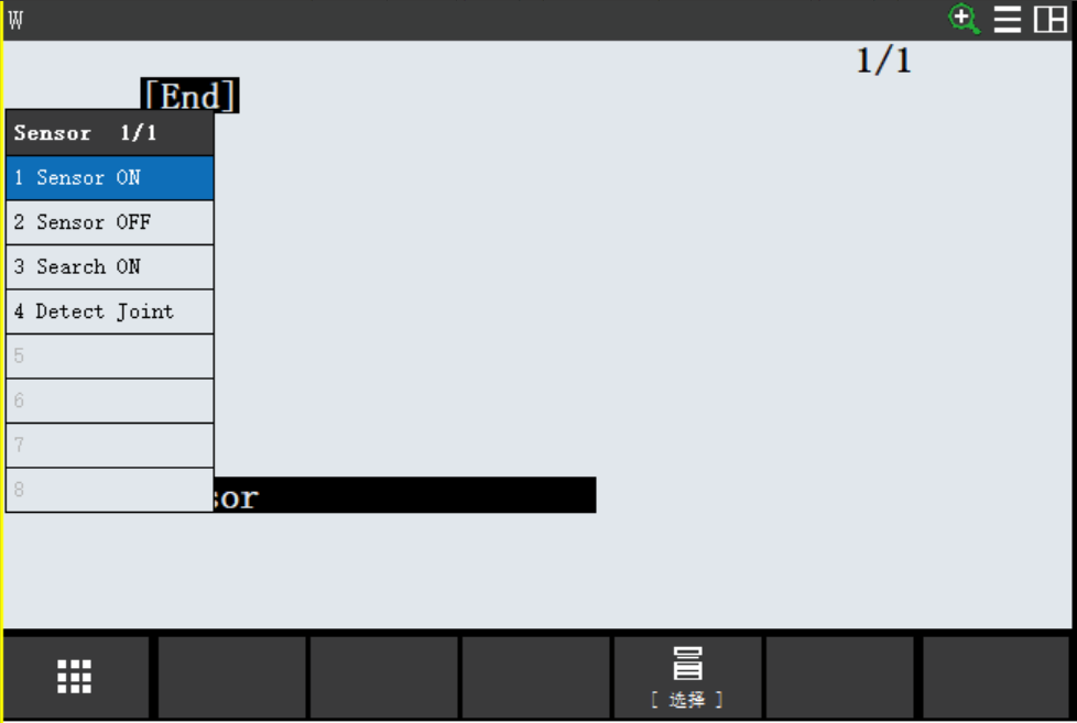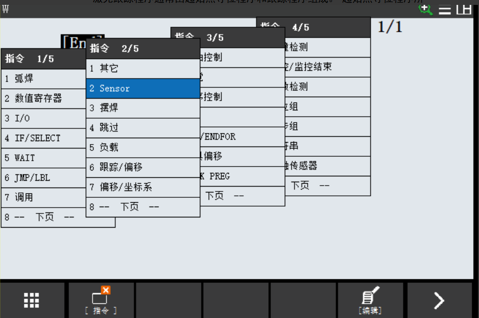 该指令插入方式如下: 在程序编辑界面,按指令>Sensor,里面包括以上三个指令
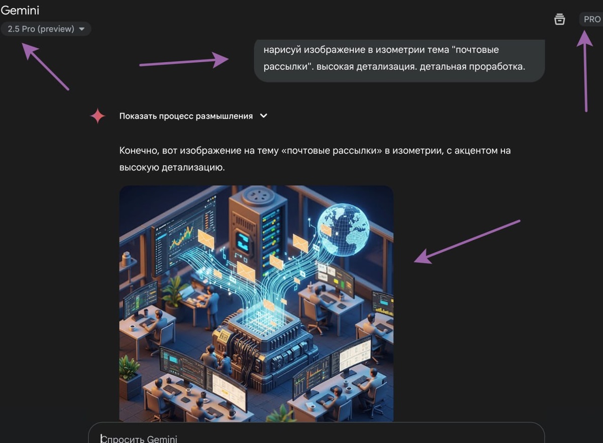 В режиме Gemini AI Pro вы можете рисовать очень много картинок прямо в браузере. См. пример. Русский язык понимает, можно вести диалог улучшая изображение... Вдруг не знали :) p.s. 2000 р. за 6 месяцев цена вопроса доступа к Gemini AI Pro из РФ. Я сам пользуюсь. Я думаю сейчас будут появляться проекты, где люди массово генерят картинки и продают по подписке. Ищите на ggsel - там легко найти. Русский ИТ бизнес
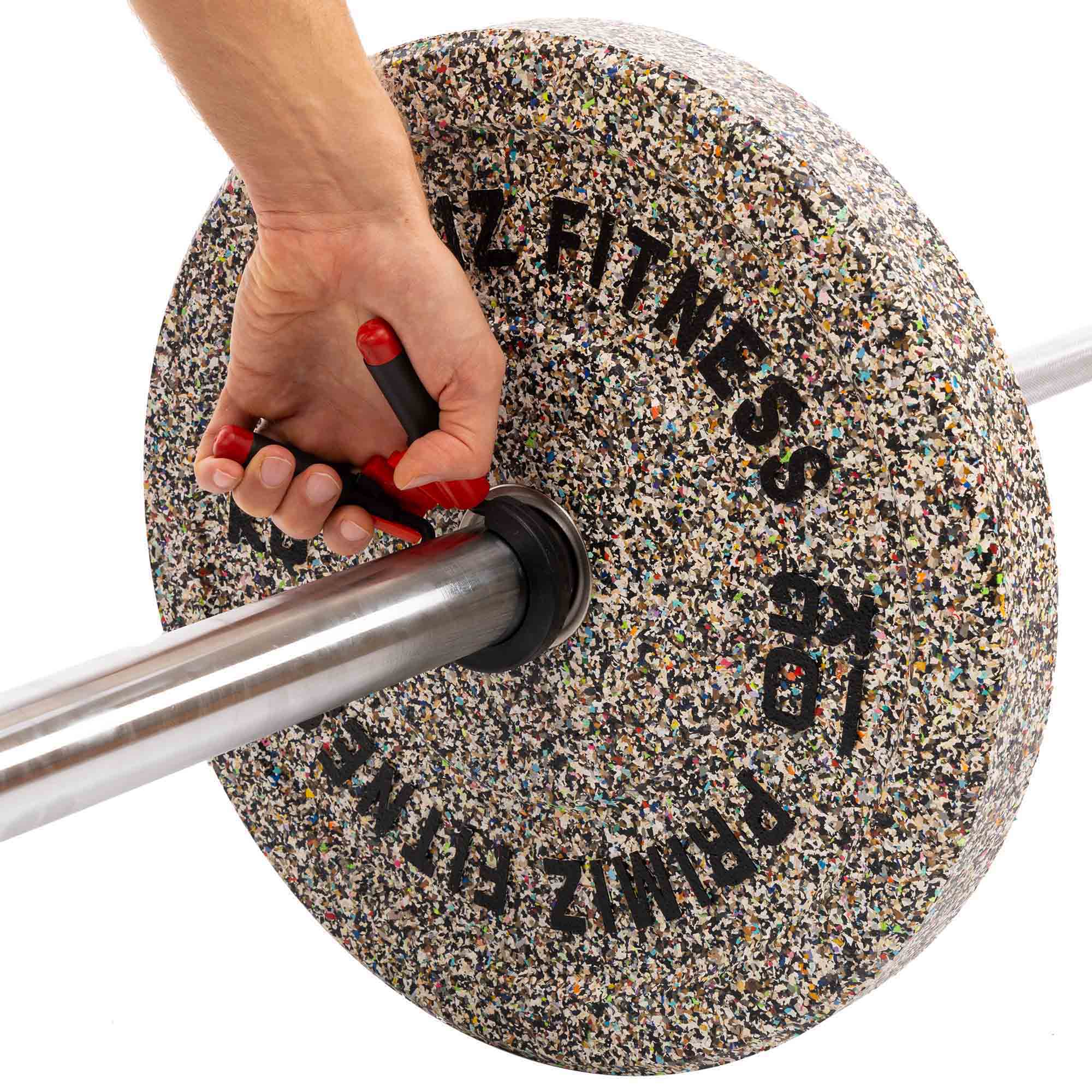 - Фиксация блинов на грифе, предотвращает соскальзывание во время упражнений и обеспечивает безопасность при тренировках
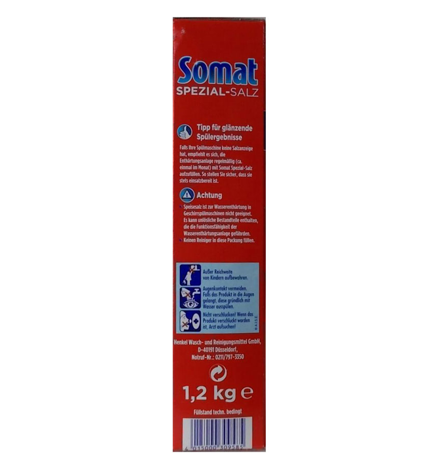 Muối rửa bát somat special salt chuyên dụng dành cho máy rửa bát. Khi sử dụng đổ 1luowngj vừa đủ vào bình đựng muối của máy và đổ thêm nước đầy vào bình chứa muối . Dùng thìa hoặc đũa có cán dài để quấy đều muối chứa trong bình như là quấy nước chanh với đường để muối có thể hòa tan với nước và làm tăng nồng độ của muối chứa trong bình đảm bảo cho chức năng của máy nhận biết và đo đếm được nồng độ muối báo hiệu cho bạn là muối đã đủ.
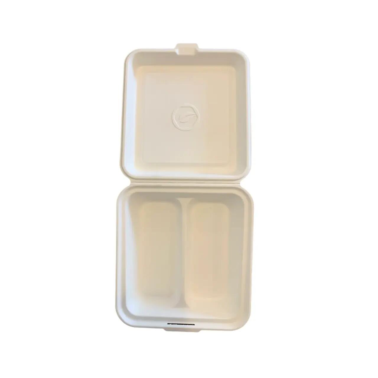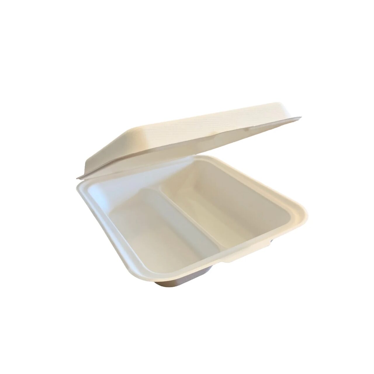 Cutie de luat la pachet din trestie de zahăr împărțită în 2 părți.
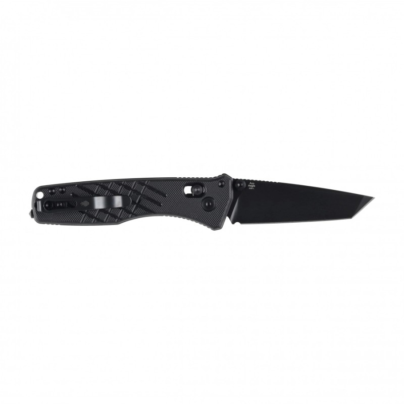 Model Aegis ma 2 składane ostrza ze stali nierdzewną AEB-L. Jest to szwedzka stal, pierwotnie opracowana przy produkcji ostrzy do żyletek, cechująca się wyjątkowo drobnoziarnistą strukturą. Dzięki tej mikrostrukturze stal ta znakomicie łączy wysoką udarność (odporność na pękanie i wykruszanie) z możliwością uzyskania cienkiej i ostrej krawędzi tnącej. Ponadto jest bardzo odporna na korozję i stosunkowo łatwa do naostrzenia, co czyni ją ulubionym wyborem dla wszelkich intensywnie używanych noży. Głownie ostrze zostało pokryte ciemną powłoką PVD.
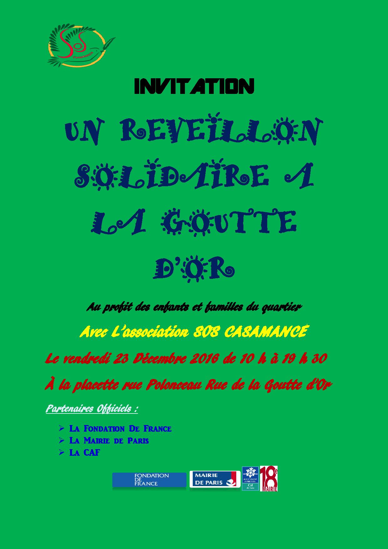 L’association SOS Casamance invite les enfants et les familles du quartier à son réveillon solidaire le vendredi 23 décembre, de 10h à 19h30, à l’angle de la rue Polonceau et de la rue de la Goutte d’Or.
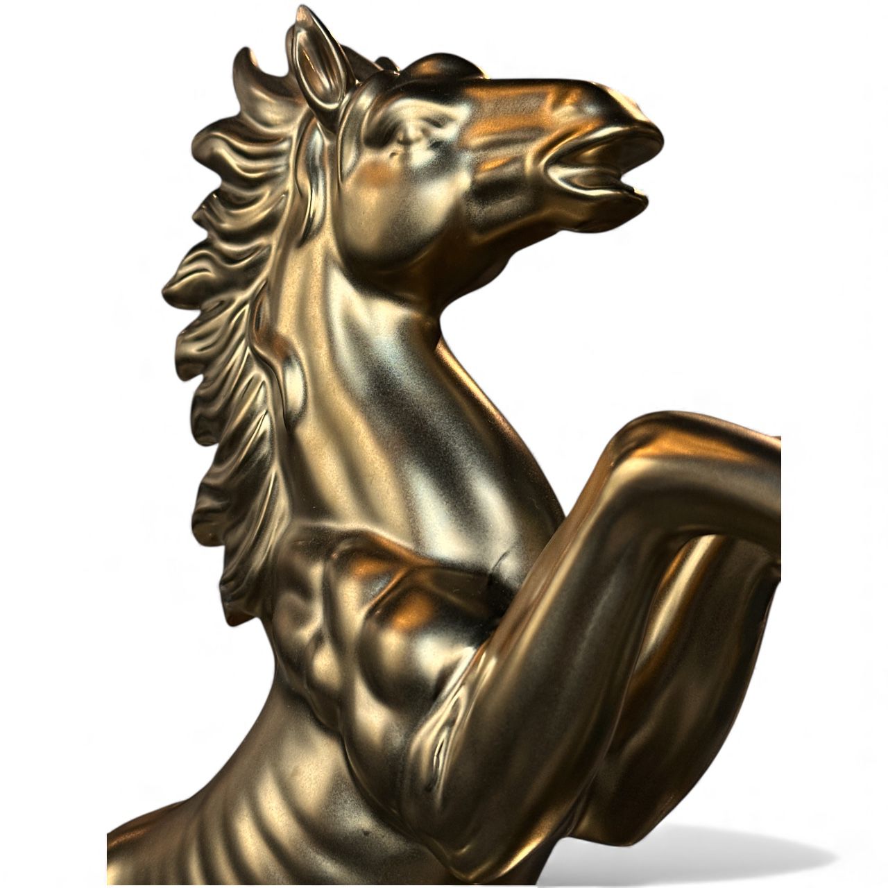 Parlak seramik yüzeyi ve el işçiliği detaylarıyla öne çıkan altın at obje, hem modern hem de klasik dekorasyon tarzlarıyla mükemmel uyum sağlar.
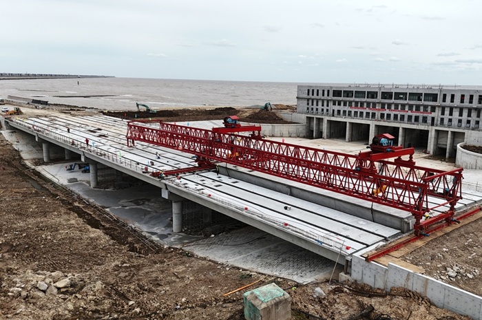 近日公司各在建項目搶抓施工黃金期掀起大干快上熱潮多個項目建設取得新進展 南復堆河泵閘工程配套交通橋順利合龍11月17日,經過10天的緊張施工,南復堆河泵閘工程配套交通橋順利完成44根橋梁吊裝...
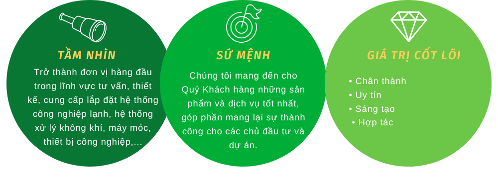 Phát triển Công ty trở thành một trong những Công ty có lĩnh vực tư vấn, thiết kế, thi công lắp đặt hệ thống kết cấu cơ khí, điện, hệ thống lạnh... hàng đầu miền Nam, trên toàn quốc và khu vực.
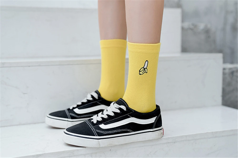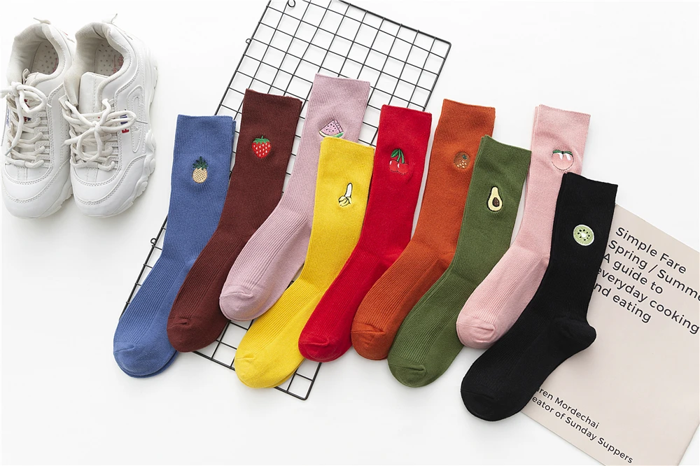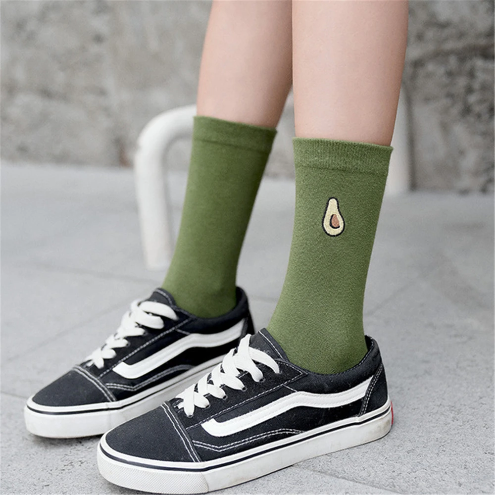 Милые Мультяшные принты с фруктами, авокадо, банан, вишня, персик, девушки, дневные копии, корейские смешные носки с вышивкой в стиле Харадзюку
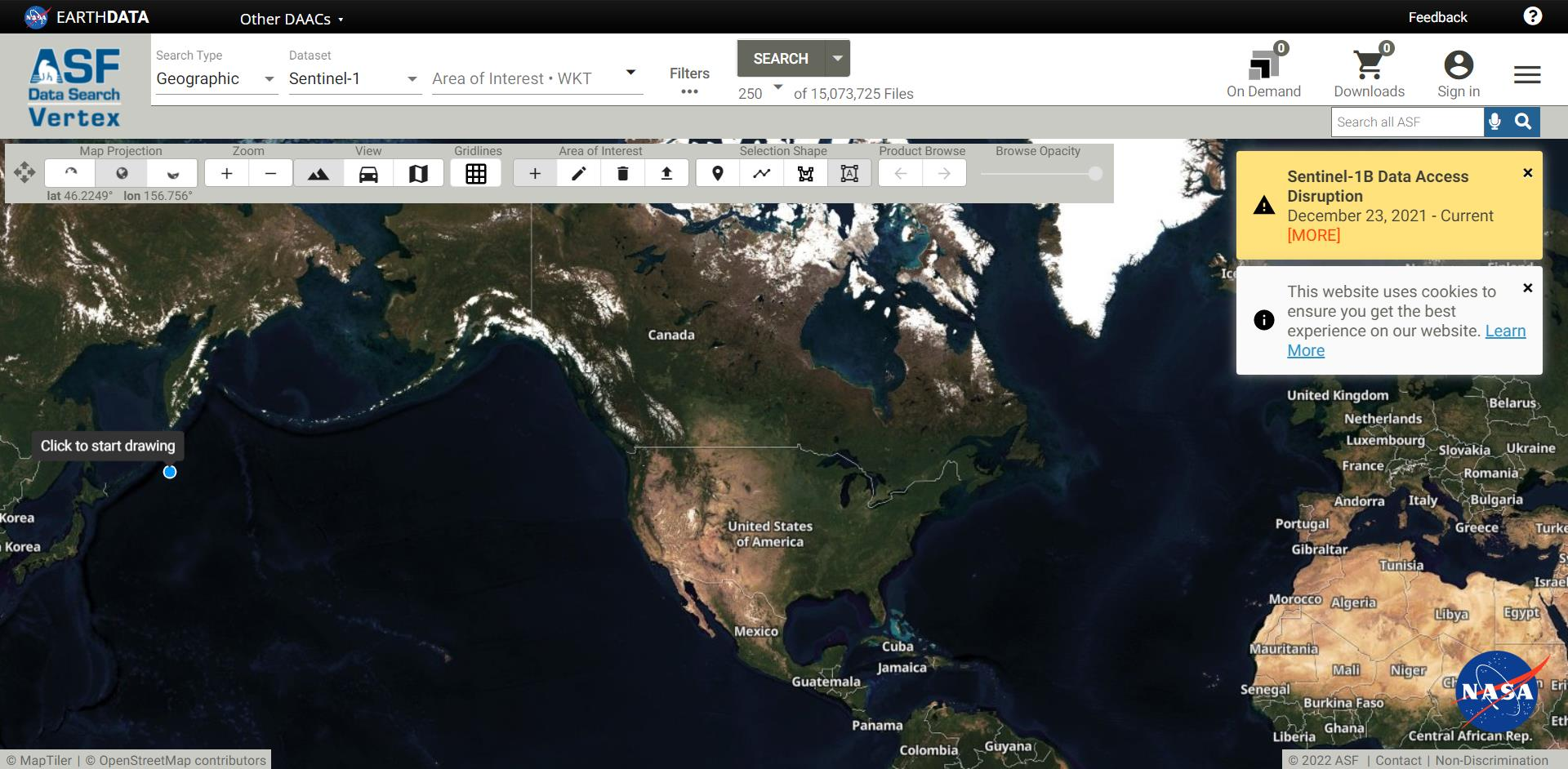 访问网站:https://search.asf.alaska.edu/#/后,在左侧导航栏找到并点击"登陆sign in"。录入NASA账户的用户名和密码。如果找不到账户,请在找不到时,请您使用您的账户:用户名为ruiduobao、密码为Ruiduobao123。

· · ·

# What needs to be done
Your answer must be the full listing, word for word, minus any images.

# Response area
 该指令插入方式如下: 在程序编辑界面,按指令>Sensor,里面包括以上三个指令
 В режиме Gemini AI Pro вы можете рисовать очень много картинок прямо в браузере. См. пример. Русский язык понимает, можно вести диалог улучшая изображение... Вдруг не знали :) p.s. 2000 р. за 6 месяцев цена вопроса доступа к Gemini AI Pro из РФ. Я сам пользуюсь. Я думаю сейчас будут появляться проекты, где люди массово генерят картинки и продают по подписке. Ищите на ggsel - там легко найти. Русский ИТ бизнес
 - Фиксация блинов на грифе, предотвращает соскальзывание во время упражнений и обеспечивает безопасность при тренировках
 Muối rửa bát somat special salt chuyên dụng dành cho máy rửa bát. Khi sử dụng đổ 1luowngj vừa đủ vào bình đựng muối của máy và đổ thêm nước đầy vào bình chứa muối . Dùng thìa hoặc đũa có cán dài để quấy đều muối chứa trong bình như là quấy nước chanh với đường để muối có thể hòa tan với nước và làm tăng nồng độ của muối chứa trong bình đảm bảo cho chức năng của máy nhận biết và đo đếm được nồng độ muối báo hiệu cho bạn là muối đã đủ.
 Cutie de luat la pachet din trestie de zahăr împărțită în 2 părți.
 Model Aegis ma 2 składane ostrza ze stali nierdzewną AEB-L. Jest to szwedzka stal, pierwotnie opracowana przy produkcji ostrzy do żyletek, cechująca się wyjątkowo drobnoziarnistą strukturą. Dzięki tej mikrostrukturze stal ta znakomicie łączy wysoką udarność (odporność na pękanie i wykruszanie) z możliwością uzyskania cienkiej i ostrej krawędzi tnącej. Ponadto jest bardzo odporna na korozję i stosunkowo łatwa do naostrzenia, co czyni ją ulubionym wyborem dla wszelkich intensywnie używanych noży. Głownie ostrze zostało pokryte ciemną powłoką PVD.
 L’association SOS Casamance invite les enfants et les familles du quartier à son réveillon solidaire le vendredi 23 décembre, de 10h à 19h30, à l’angle de la rue Polonceau et de la rue de la Goutte d’Or.
 Parlak seramik yüzeyi ve el işçiliği detaylarıyla öne çıkan altın at obje, hem modern hem de klasik dekorasyon tarzlarıyla mükemmel uyum sağlar.
 近日公司各在建項目搶抓施工黃金期掀起大干快上熱潮多個項目建設取得新進展 南復堆河泵閘工程配套交通橋順利合龍11月17日,經過10天的緊張施工,南復堆河泵閘工程配套交通橋順利完成44根橋梁吊裝...
 Phát triển Công ty trở thành một trong những Công ty có lĩnh vực tư vấn, thiết kế, thi công lắp đặt hệ thống kết cấu cơ khí, điện, hệ thống lạnh... hàng đầu miền Nam, trên toàn quốc và khu vực.
 Милые Мультяшные принты с фруктами, авокадо, банан, вишня, персик, девушки, дневные копии, корейские смешные носки с вышивкой в стиле Харадзюку
 访问网站:https://search.asf.alaska.edu/#/后,在左侧导航栏找到并点击"登陆sign in"。录入NASA账户的用户名和密码。如果找不到账户,请在找不到时,请您使用您的账户:用户名为ruiduobao、密码为Ruiduobao123。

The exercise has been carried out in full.